When I got the call on that awful Monday morning telling me that he was gone, something broke in me, something died with him and that was the way it was.
It’s still that way. I’m different.
But a bit of advice from an unlikely person changed a lot of my thoughts.
Steve doesn’t need you to suffer for him. He’s gone, he doesn’t need you to cry or feel bad for him.
It might sound disloyal, but it was true. I was going to kill myself forever over his loss. I was going to live my life in anguish because his life was taken and I could only sit by and watch, helplessly.
I realized that this was as stupid as anything I’d ever done.
He wouldn’t have wanted that. No matter how cliché that sounds, he wouldn’t have. He would’ve been angry with me if I had thrown away my life because my heart was broken.
There are times I believe he’s near and I feel his presence strongly. I’m usually in the kitchen attempting to burn dinner and assault his sensibilities. He was a chef. Or I start to feel particularly low and I get this voice in my head telling me to stop being such a crybaby.
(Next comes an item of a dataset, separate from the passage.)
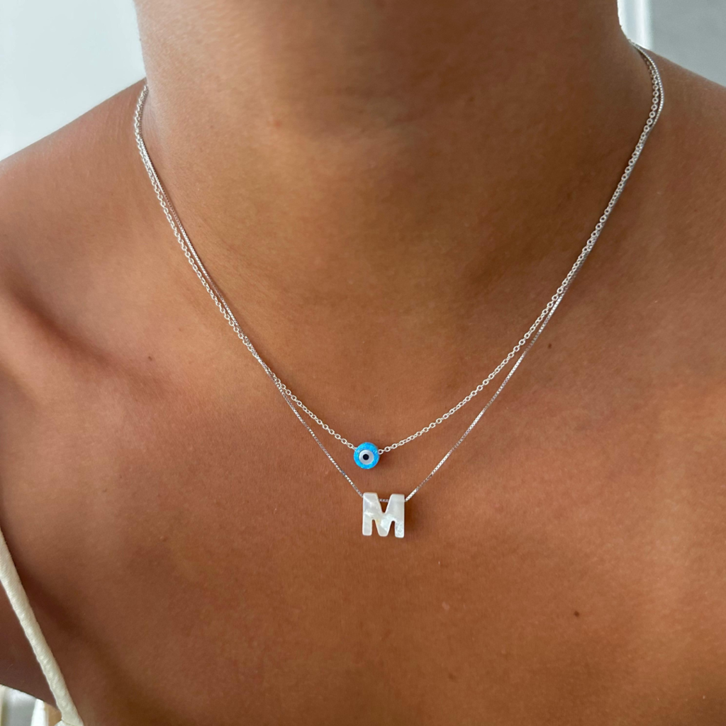 - Material: Plata 925 rodinada, ojo en ópalo e inicial en madre perla.

I feel better because I allow it.
Sitting at home for Thanksgiving or Christmas is a surefire way to sink into a deeper depression. You need beauty, you need light.
You need something new.
A lot of people go out of town, whether for family dinners or for vacation and while some of those plans can be really expensive, they don’t have to be. I’m sure that within two hours of everyone reading this there is a destination of sorts that can bring you up and change your disappointment to joy.
My family and I go to Branson, Missouri. Everything is open every day. We go to museums, Broadway shows, drive little race cars around a curvy track, play cards and bicker about who didn’t throw trump and who cheated, and every single restaurant there has a Thanksgiving menu. It’s like magic. It’s a new tradition. It’s something we look forward to.
Get. Out.
If you’re unhappy because your holiday is lacking the wonder you think it needs, it’s up to you to do something about it. Don’t wallow. Fix it. You’re able to do such a thing.
Traditions don’t need to be traditional.
I remember being a kid and going to my grandparent’s houses for the holidays and it was amazing, something I wish with all my heart that I could pass on to my children, but I can’t. It doesn’t exist anymore. I have to do the best for them that I can and seeing Sad Mom during the holidays isn’t going to cut it.
We all can rise to the occasion and be the bringers of our own traditions, our own happiness. It’s not always easy to make ourselves take that first step out into the unknown, but it’s usually always worth it. Something, anything, is better than the sadness that we bring, trying to hang on to something that isn’t there.
We need to also look at people who are lonely. As I write this, a dear friend of mine died unexpectedly on the Friday before Thanksgiving, three days ago, leaving behind her husband, three-month-old grandchild, and two lovely daughters. The youngest daughter is close friends with my twin sons. All are just fourteen. My friend, Shara, loved my family as I love hers. Not this year, but in the years to come, I have to remember them and make sure that they have the holidays my friend would want for them. We’re responsible for others as much as we are for ourselves.
There’s no place to feel sorry for ourselves in this life. It wastes time, it wastes energy, and it wastes the precious years we have left. Mourn, struggle, suffer through but then love yourself and those around you enough to get back in there and participate. Make it all you can, for as many as you can.